Profiling CPU in Python
The code may behave differently than developer expects. I mean not the correctness, but the performance. The performance bottleneck may be easy to found by running the profiler. cProfile is the way to do it in Python.
I am going to run my binary pipeline code twice using the profiler. First time in my local computer where the main bottleneck is my internet connection. The second time, on AWS ECS node, where the bottleneck should be CPU.

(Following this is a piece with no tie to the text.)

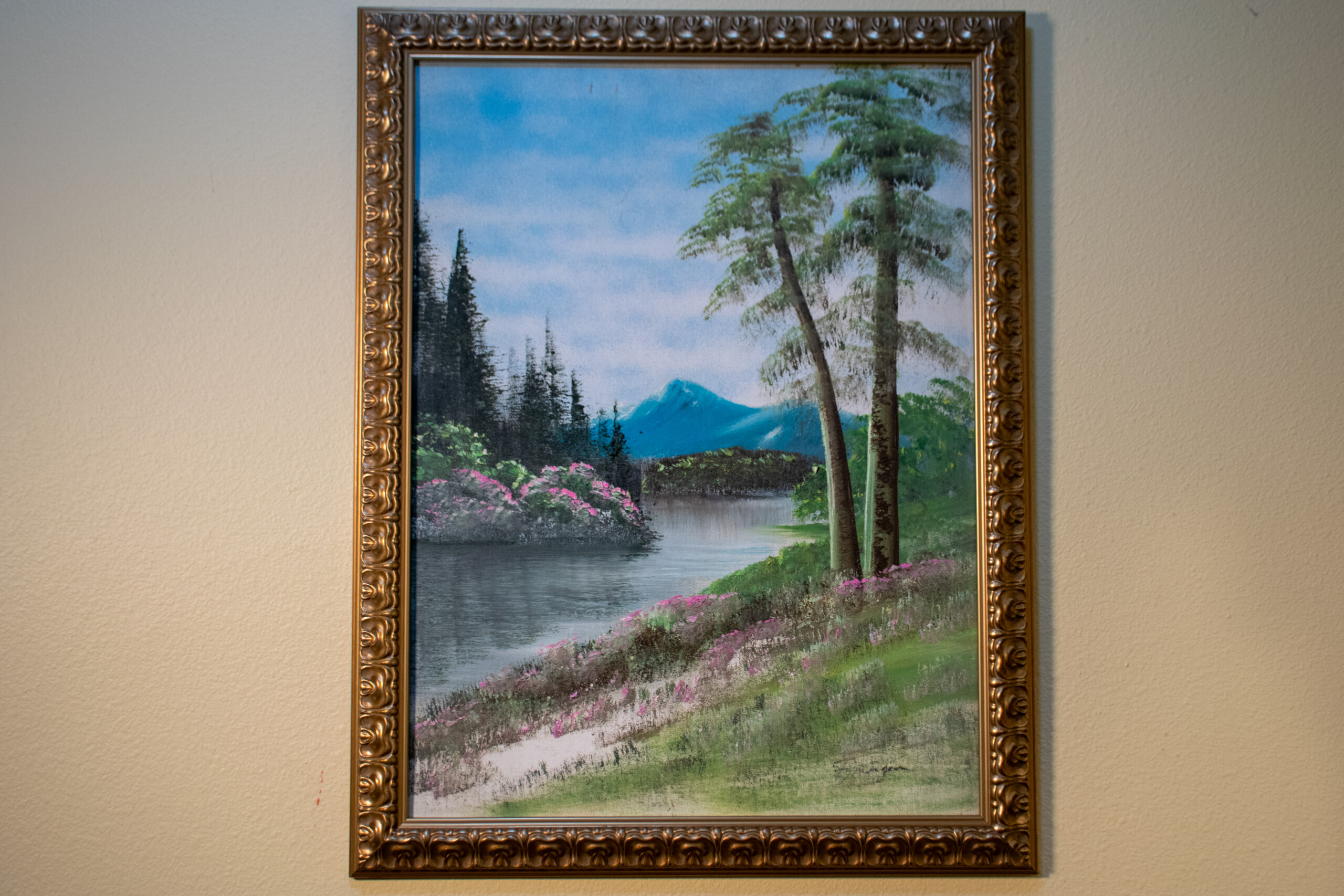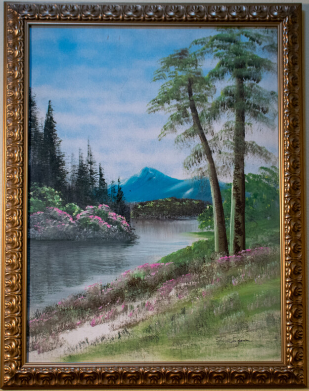 - Style & Technique: The painting utilizes classic Bob Ross elements: “happy little trees” (the tall evergreens on the left), fan-brush foliage (the pink flowering bushes), and a pallet-knife mountain in the background. The use of liquid white to create reflections in the water is a signature of this method.

I ran locally the script as I used to do, but wrapped it around the cProfiler:
pipenv run python -m cProfile -s tottime index.py
And here are local results:
The ECS run was changed to be wrapped with cProfiler and output it in S3.
The outcome indicates that the slowest piece in the local run as expected was the read and write (networking), but in the ECS the bottleneck turned out to be the JSON parsing, which is also visible in the local run.
After few minutes of looking for any better alternative for built-in Python JSON reader I found orjson. Few lines of changes, rerun and I got following results:
The change did not introduce overall performance boost in the local run, but the numbers improved a bit. The ECS run improved performance a lot. The overall run took 832 seconds (instead of 1209), where the JSON parsing took only 45 seconds (instead of 412 seconds).
It is worth to invest a bit time to understand your bottlenecks instead of increasing the service tier. I am pretty sure the code might be even performing much better.